▸ **BRIEF**: Exactly as written, write out the lines below from the first to the one containing "湖南科技职业学院2024年单独招生考试大纲", inclusive. Pictures do not belong in the copy.

▸ **MATERIAL FOR THIS EXERCISE**:
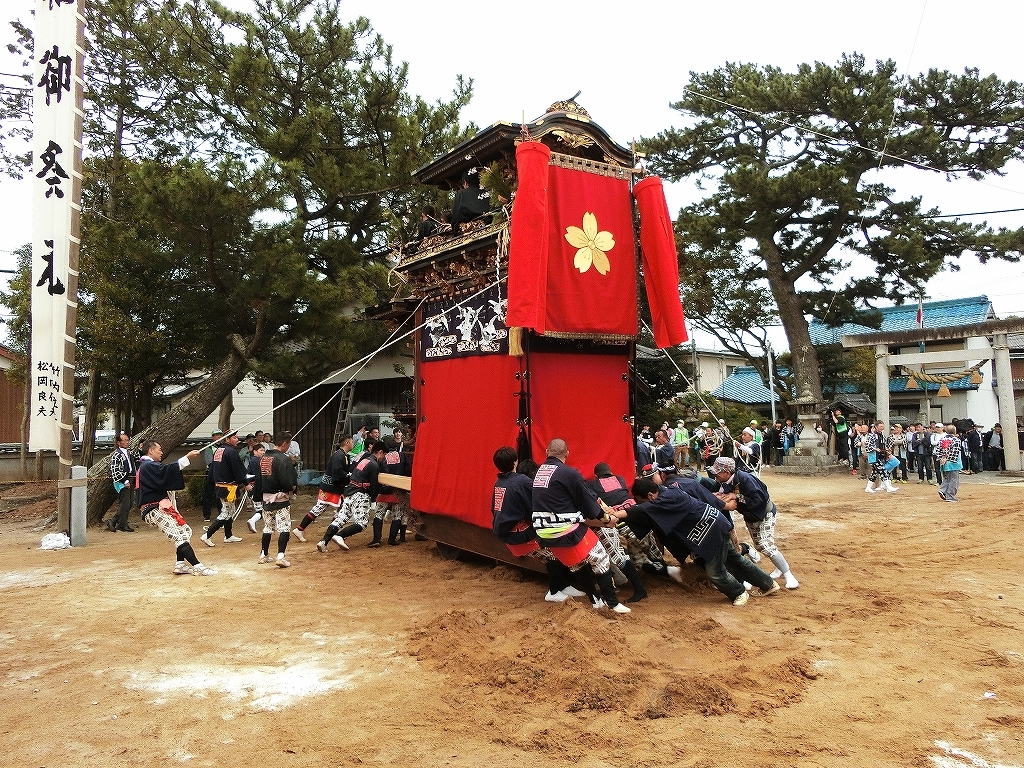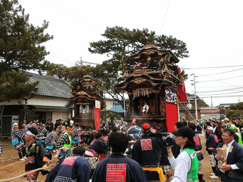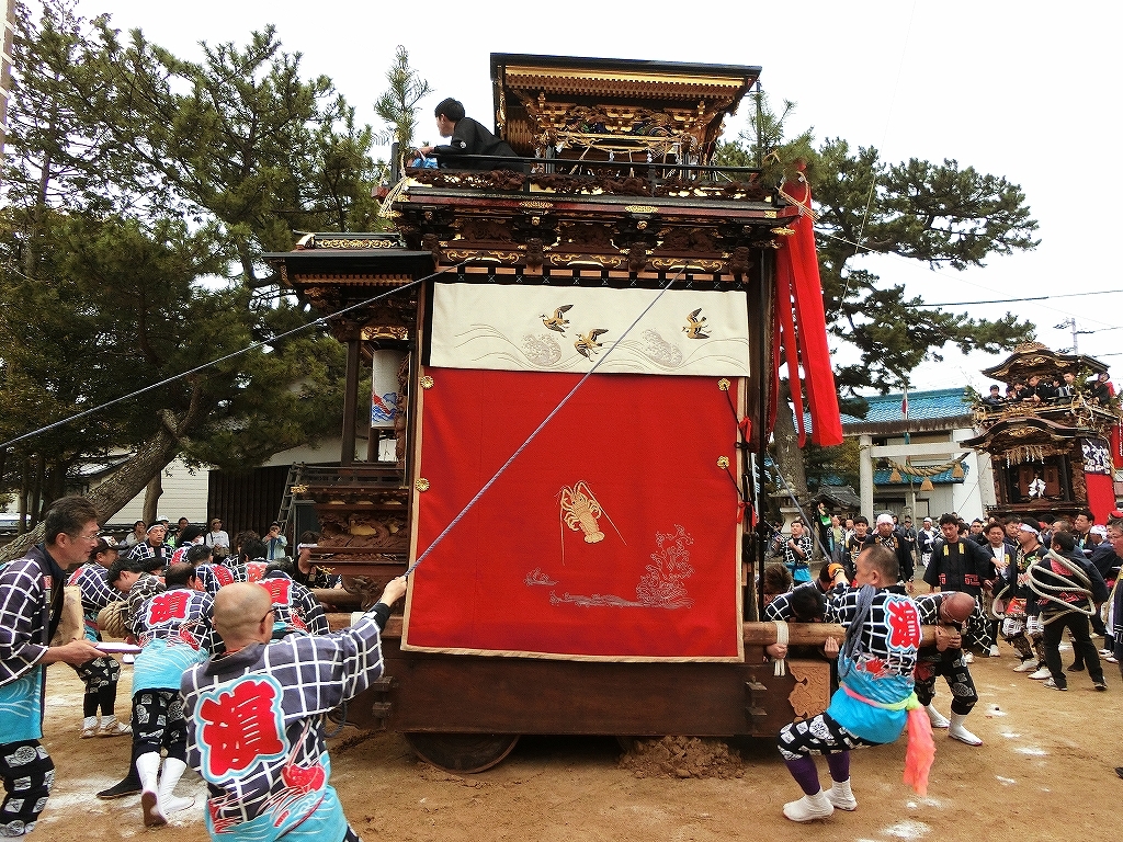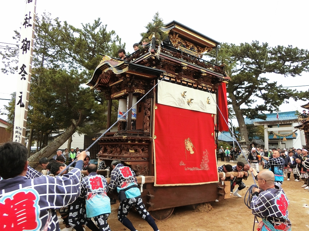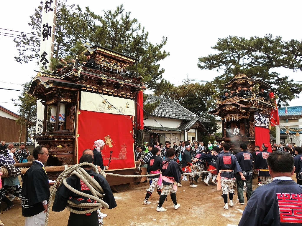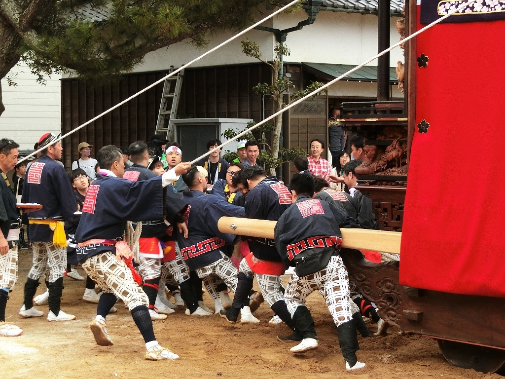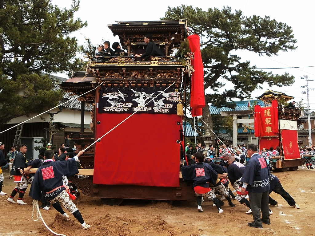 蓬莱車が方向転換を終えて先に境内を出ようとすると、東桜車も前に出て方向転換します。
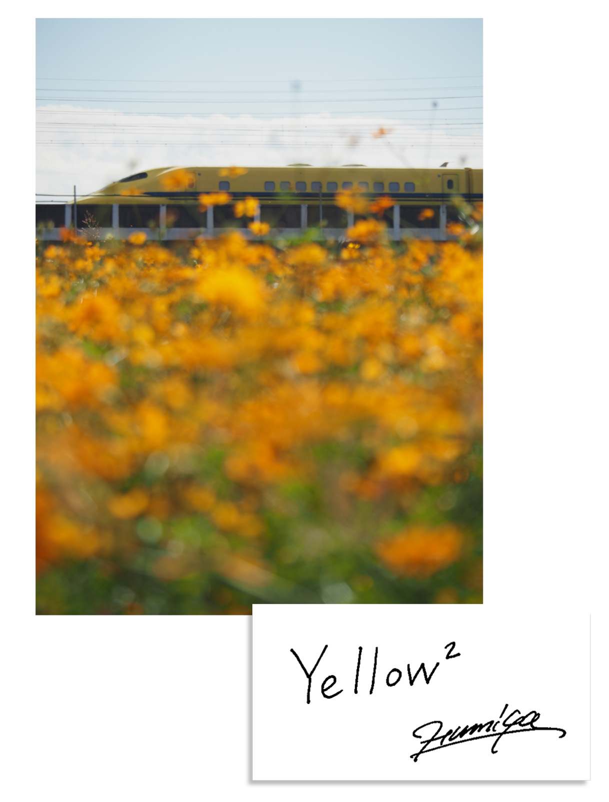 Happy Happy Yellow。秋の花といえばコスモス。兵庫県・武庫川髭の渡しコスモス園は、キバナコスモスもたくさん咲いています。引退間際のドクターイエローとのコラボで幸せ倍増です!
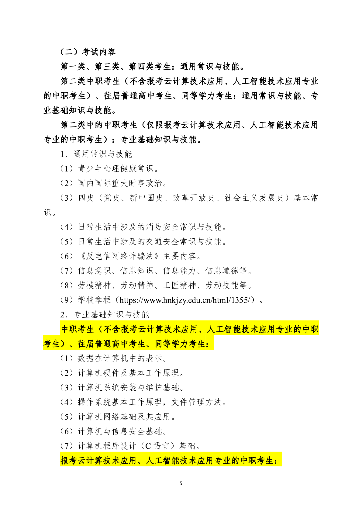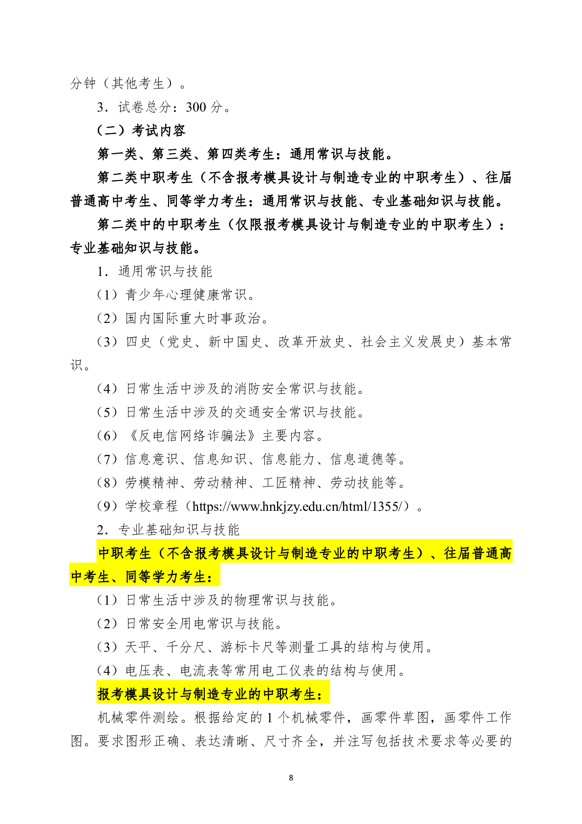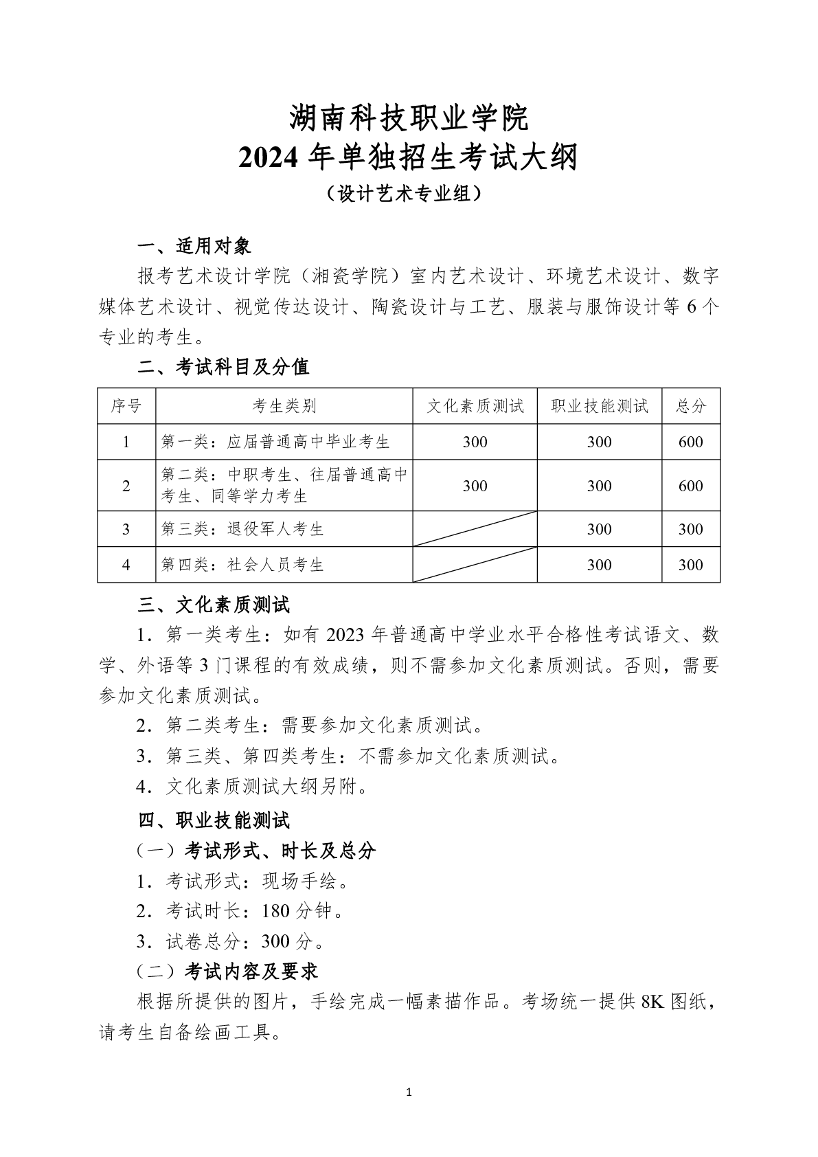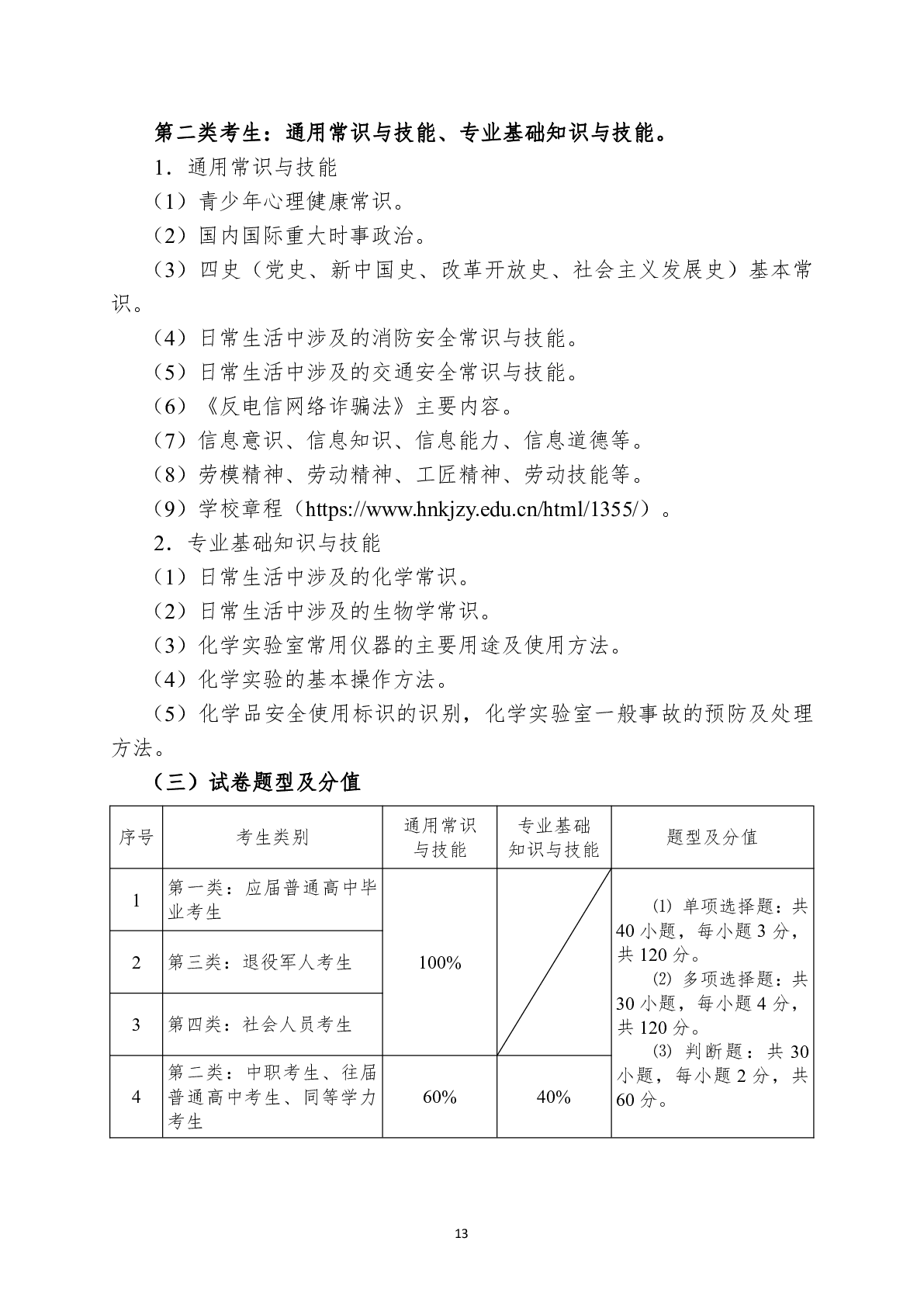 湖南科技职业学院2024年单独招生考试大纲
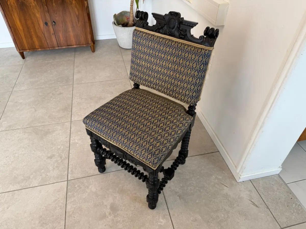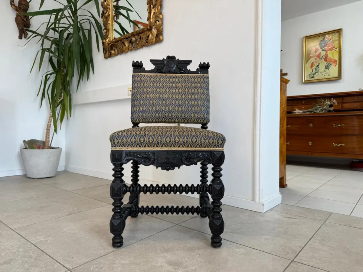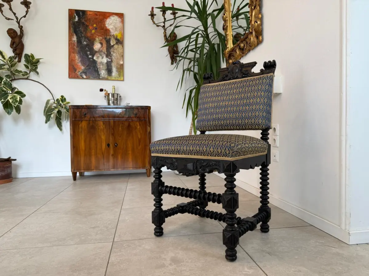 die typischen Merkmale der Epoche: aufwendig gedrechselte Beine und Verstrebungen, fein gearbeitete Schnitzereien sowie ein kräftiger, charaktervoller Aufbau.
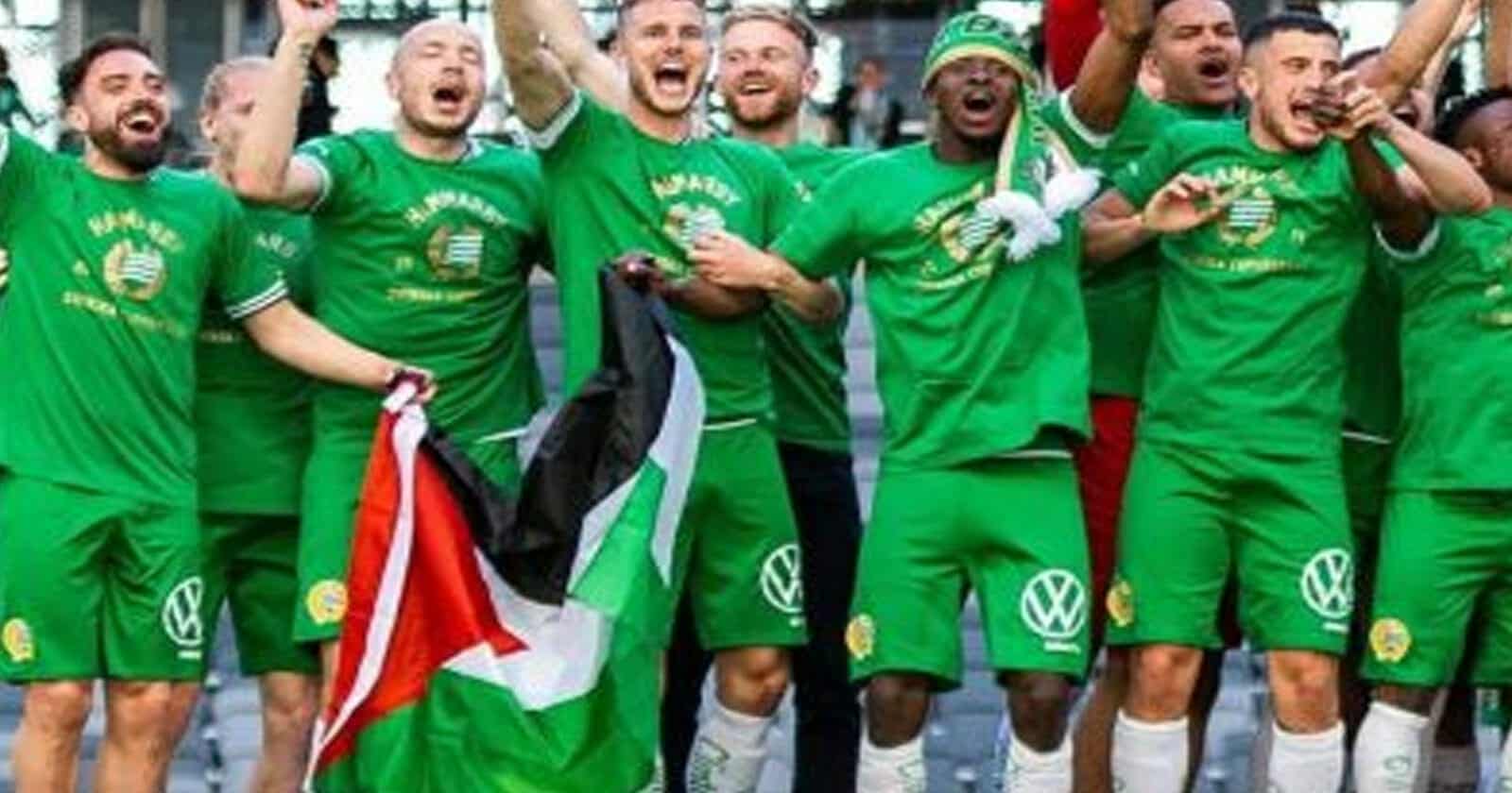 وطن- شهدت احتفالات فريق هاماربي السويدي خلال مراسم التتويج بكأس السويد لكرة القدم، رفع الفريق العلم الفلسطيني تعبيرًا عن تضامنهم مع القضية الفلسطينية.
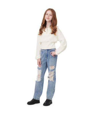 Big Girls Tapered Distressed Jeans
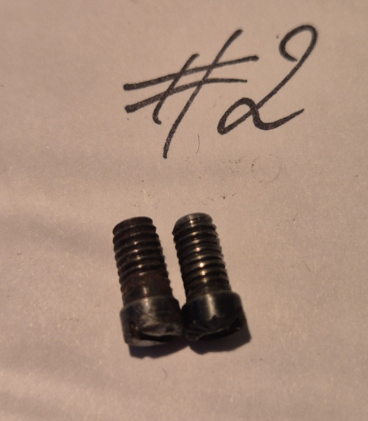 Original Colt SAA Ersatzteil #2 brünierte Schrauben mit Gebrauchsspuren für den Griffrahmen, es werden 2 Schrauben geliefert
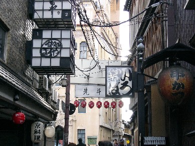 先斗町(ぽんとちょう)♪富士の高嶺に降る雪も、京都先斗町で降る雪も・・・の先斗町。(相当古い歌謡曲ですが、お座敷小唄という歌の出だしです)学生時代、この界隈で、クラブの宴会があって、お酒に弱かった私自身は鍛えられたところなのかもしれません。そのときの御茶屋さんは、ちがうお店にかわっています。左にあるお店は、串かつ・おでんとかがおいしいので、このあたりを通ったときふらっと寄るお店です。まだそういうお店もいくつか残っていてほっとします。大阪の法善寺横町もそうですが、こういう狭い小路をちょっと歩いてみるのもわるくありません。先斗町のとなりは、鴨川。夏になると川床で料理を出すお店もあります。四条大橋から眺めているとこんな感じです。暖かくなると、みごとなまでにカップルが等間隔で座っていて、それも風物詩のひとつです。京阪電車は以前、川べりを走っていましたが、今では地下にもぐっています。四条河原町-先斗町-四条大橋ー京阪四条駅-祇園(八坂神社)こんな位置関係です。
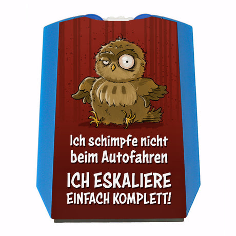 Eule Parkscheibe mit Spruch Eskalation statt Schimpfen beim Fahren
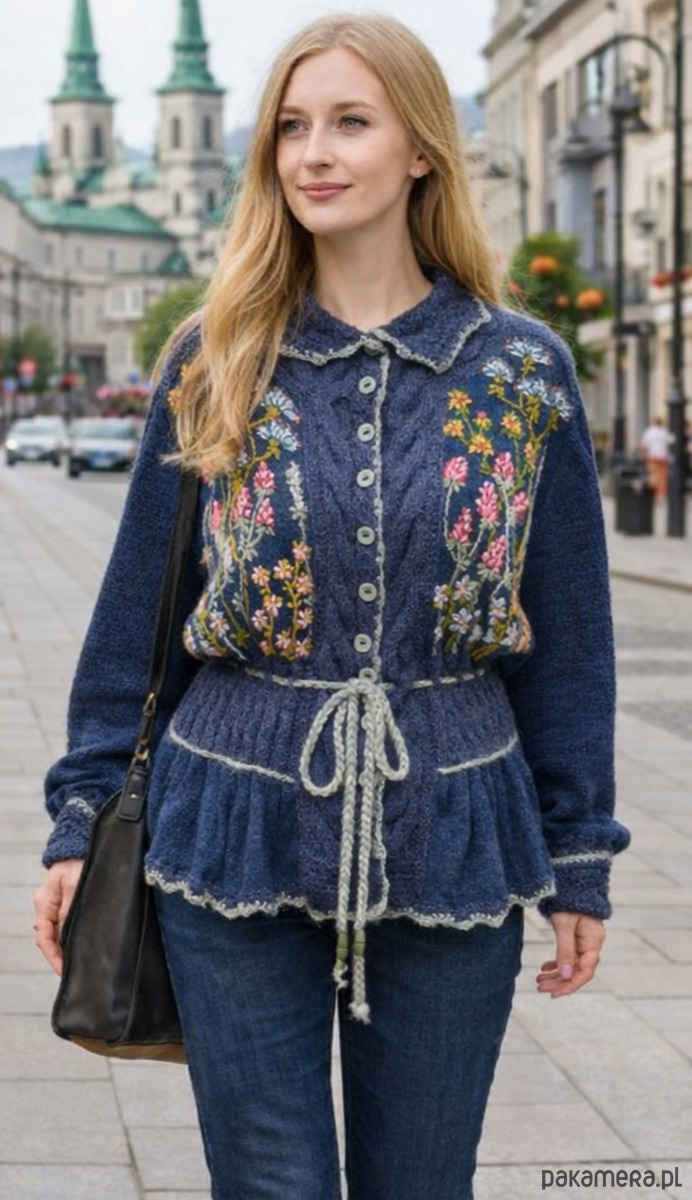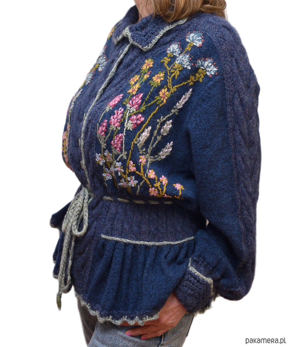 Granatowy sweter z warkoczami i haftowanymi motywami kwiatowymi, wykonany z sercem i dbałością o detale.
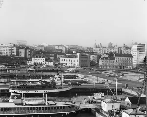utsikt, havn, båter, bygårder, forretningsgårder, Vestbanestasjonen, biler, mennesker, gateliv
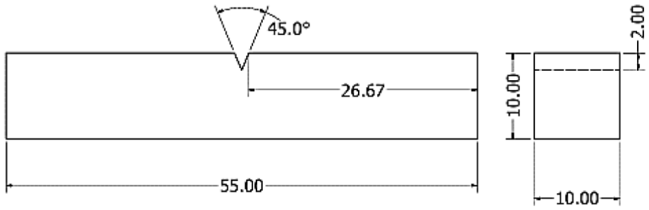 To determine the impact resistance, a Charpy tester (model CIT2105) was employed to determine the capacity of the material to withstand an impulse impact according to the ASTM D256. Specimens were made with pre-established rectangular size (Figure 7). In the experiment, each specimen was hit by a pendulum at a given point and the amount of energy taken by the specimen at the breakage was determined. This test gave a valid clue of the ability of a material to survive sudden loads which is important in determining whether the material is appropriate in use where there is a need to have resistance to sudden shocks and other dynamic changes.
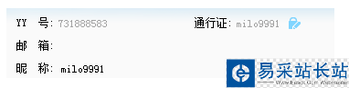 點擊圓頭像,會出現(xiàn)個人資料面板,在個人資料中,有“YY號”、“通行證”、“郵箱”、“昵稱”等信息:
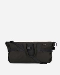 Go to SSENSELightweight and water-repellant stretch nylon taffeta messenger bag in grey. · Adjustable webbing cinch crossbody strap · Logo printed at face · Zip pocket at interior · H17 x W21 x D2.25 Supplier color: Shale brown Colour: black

▸ **EXPECTED OUTPUT**:
 蓬莱車が方向転換を終えて先に境内を出ようとすると、東桜車も前に出て方向転換します。
 Happy Happy Yellow。秋の花といえばコスモス。兵庫県・武庫川髭の渡しコスモス園は、キバナコスモスもたくさん咲いています。引退間際のドクターイエローとのコラボで幸せ倍増です!
 湖南科技职业学院2024年单独招生考试大纲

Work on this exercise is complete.